The invention relates to a controller using a fan damping self-adaptive control method based on PSO optimization, which comprises a torque loop controller, a fan, a transmission chain self-adaptive damping controller, a first adder and a second adder, wherein the first adder, the torque loop controller, the second adder and the fan are sequentially connected, the output end of the fan is connected with the input end of the first adder, the other end of the fan is connected with the transmission chain self-adaptive damping controller, one end of the output end of the torque loop controller is connected with the second adder, the other end of the output end of the torque loop controller is connected with the transmission chain self-adaptive damping controller, an externally provided rotating speed given signal and a measured rotating speed signal output by the fan are jointly input to the first adder, the first adder controls and outputs a rotating speed error signal to the input end of the torque loop controller, the torque loop controller outputs a torque given signal to the second adder and the transmission chain self-adaptive damping controller, and the transmission chain self-adaptive damping controller outputs a torque and resistance value signal to a second adder.

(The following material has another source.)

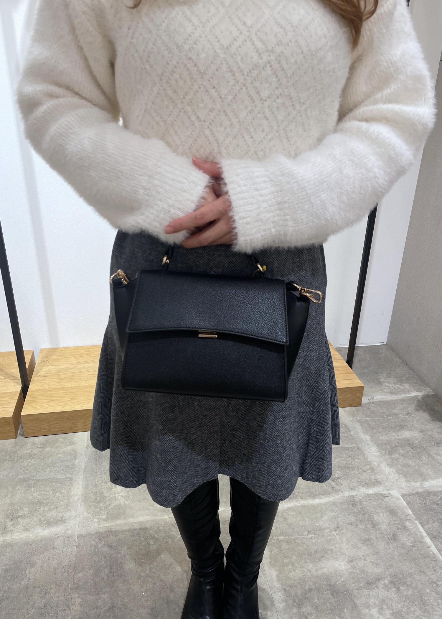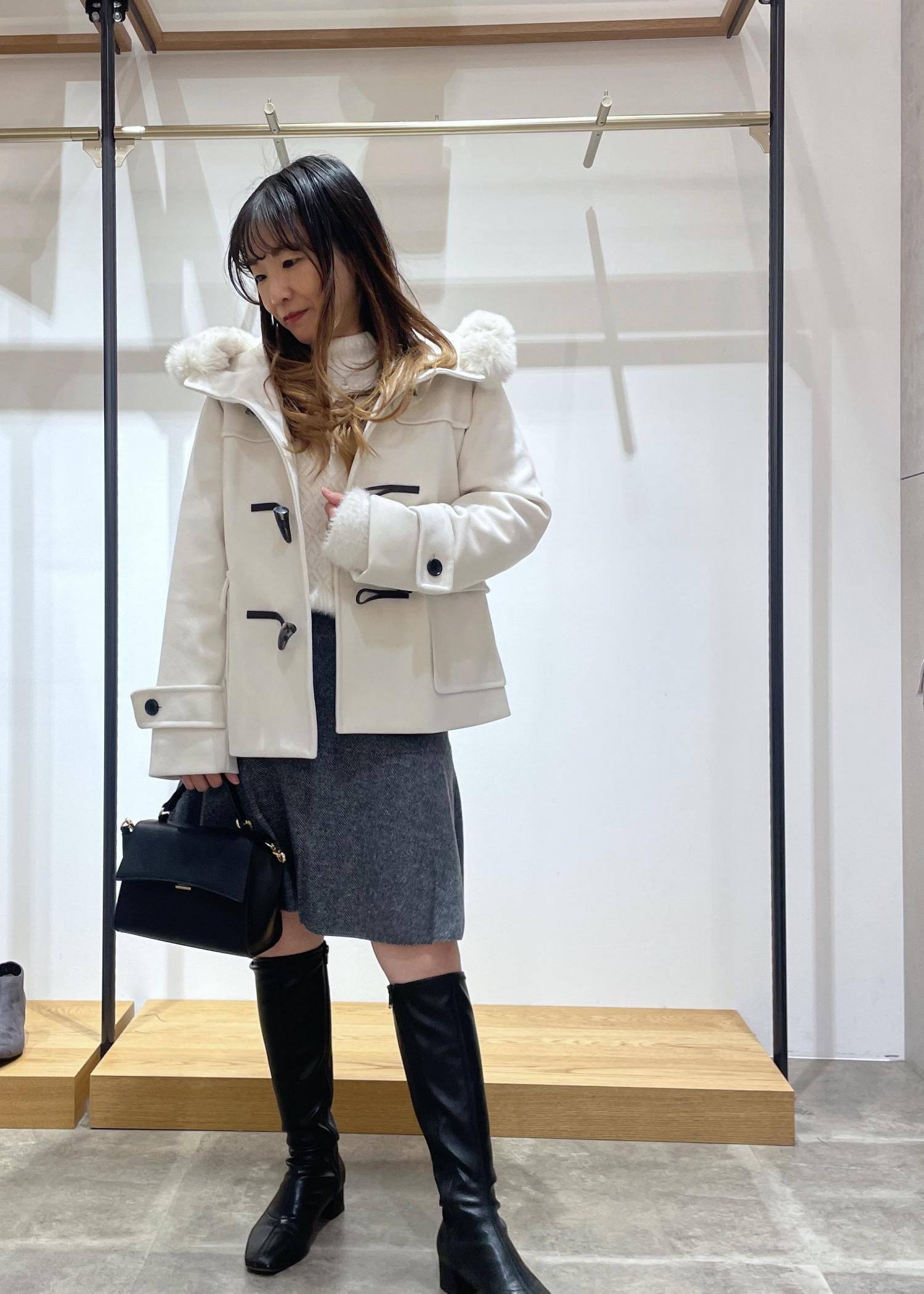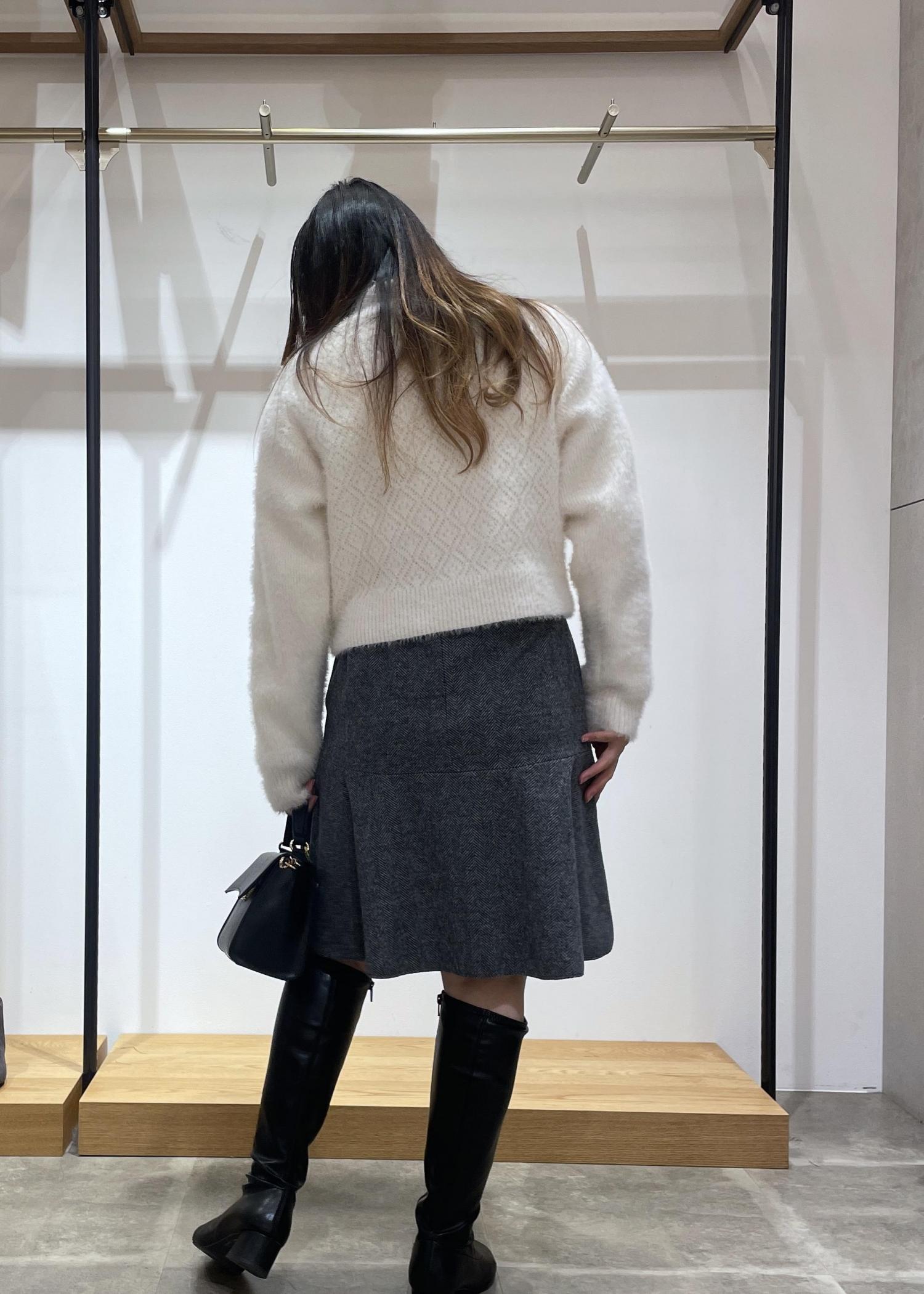 白のシャギーニットで冬らしい大人可愛いコーデにしてみました。クロップド丈なので低身長の方でもバランスが取りやすくスッキリ着て頂けます。

Preferably, the transmission chain adaptive damping controller comprises a torque resistance adding filter, a PSO optimizing module, a third adder and a transmission chain damping ratio calculating module, the torque resistance adding filter, the PSO optimizing module, the third adder and the transmission chain damping ratio calculating module are sequentially connected, the input end of the transmission chain damping ratio calculating module is provided with a measured rotating speed signal by a fan, a torque ring controller is provided with a torque given signal, the transmission chain damping ratio calculating module outputs an actual transmission chain damping ratio signal to the input end of the third adder, the outside is provided with an ideal damping ratio signal to the input end of the third adder, the output end of the third adder outputs a transmission chain damping ratio error to the PSO optimizing module, the PSO optimizing module outputs a frequency signal and a damping ratio signal to the torque resistance adding filter, and the measured rotating speed signal output by the fan is also provided to the torque resistance adding filter, the torque adding resistance filter outputs a torque adding resistance value to the input end of the second adder.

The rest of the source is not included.